Claims about interpretations of the map are many, as are accounts of the stones' origins, and most of those claims are made in self-publishing printers.

According to Lon Safko, the stones were made by the Peralta family and handed down for generations.

Danny Adams, in 2005, read the map as a coded message and claims the stones were made by Ted DeGrazia, a painter and art collector rumored to have burned (or buried) a collection of art worth $5 million rather than pay taxes on his property; Adams claims one of the stones reads "Be ready boy, are on a map on Arizona county scale, scale map" and aided by numerological analysis locates the mine in Upper Labarge Canyon.

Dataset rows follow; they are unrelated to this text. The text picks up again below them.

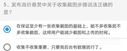 (5)发布高价悬赏中关于收集截图步骤说法正确的是?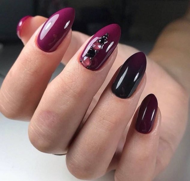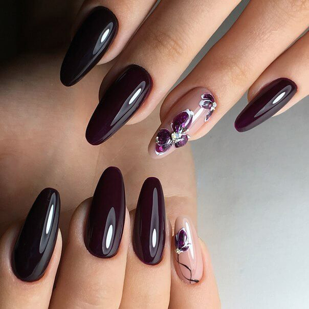 Глубокие густые цвета всегда привлекают внимание. Они подходят для любой длины и формы пластины. Некоторые ограничения могут касаться только дизайна ногтей.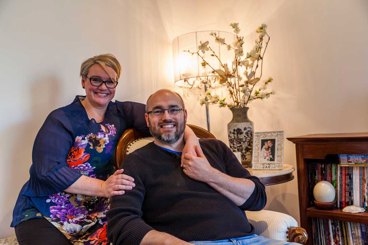 Image: Mature foster carer couple sitting in their lounge room smiling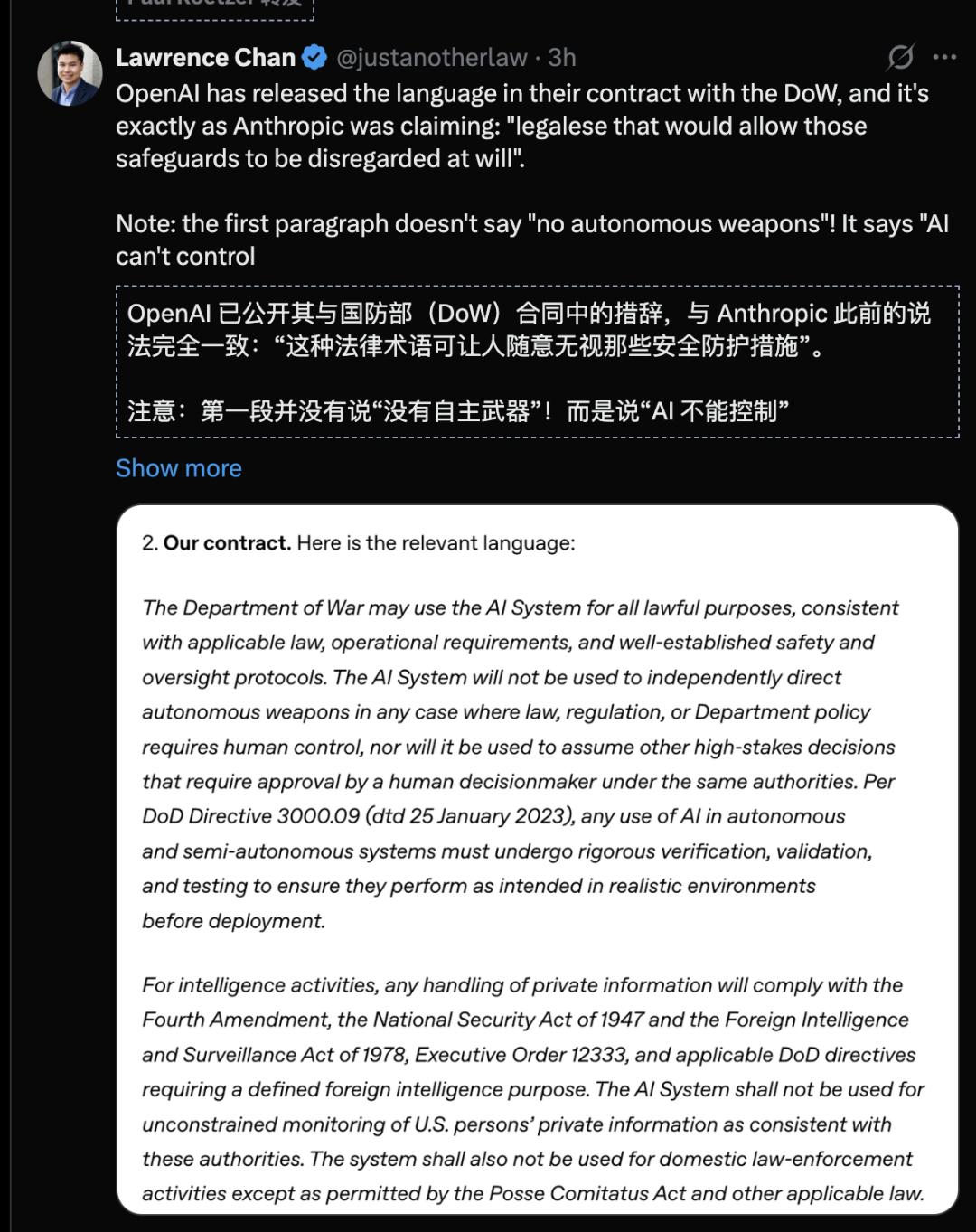 此外,OpenAI也曝光了与五角大楼的合同,证实了Anthropic所言非虚。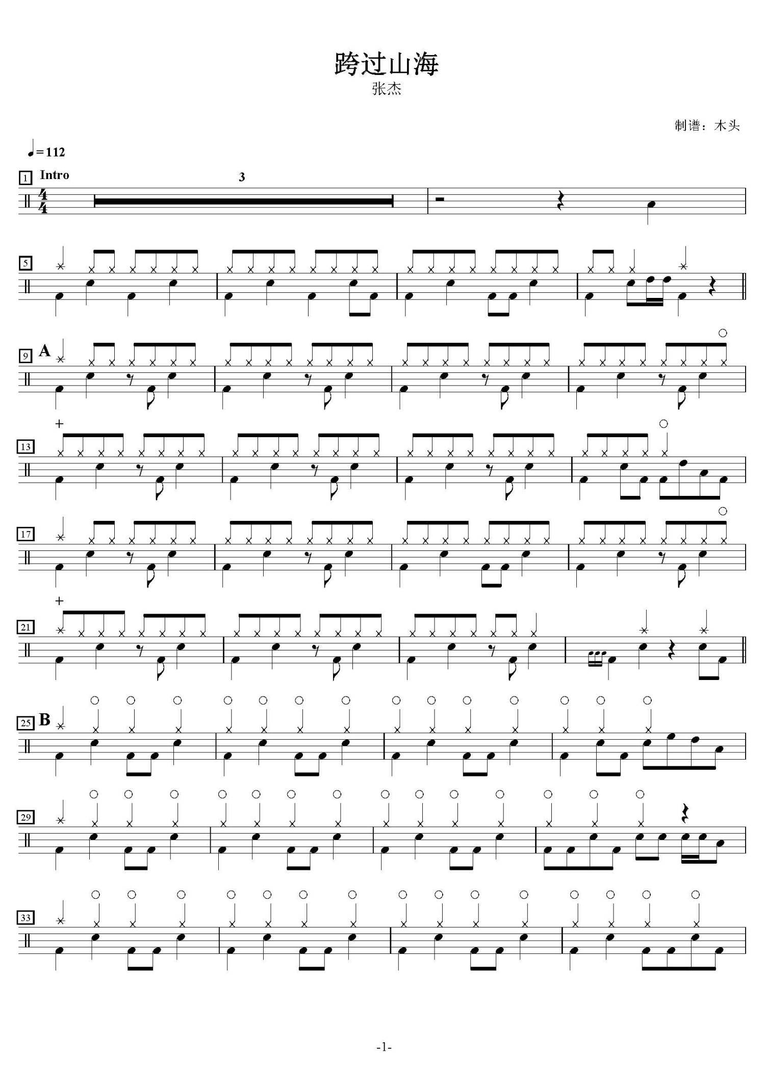 • 跨过山海鼓谱 - 张杰 - 架子鼓谱第1张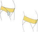 - Doe de 2 lange stukken klittenband onder je buik door en sluit over elkaar heen met het klittenband.

The treasure of paintings, supposedly hidden in the mine, is also connected, somehow, to a conspiracy of 50 businessmen from the Phoenix area to hide DeGrazia's work.

In 2007, William and Michael Johnson (originally from Massachusetts) said that they had identified a privately owned cave as the mine, based on the clues left in the Peralta Stones.

==Location==
The Peralta Stones were held at the Arizona Museum of Natural History, 53 N. Macdonald, in Mesa, Arizona, previously known as the Mesa Southwest Museum. In June 2009, they were to go on extended display at the Superstition Mountain Museum, 4087 N. Apache Trail, in Apache Junction, Arizona. As of September, 2012, the stones are once again displayed at the Arizona Museum of Natural History.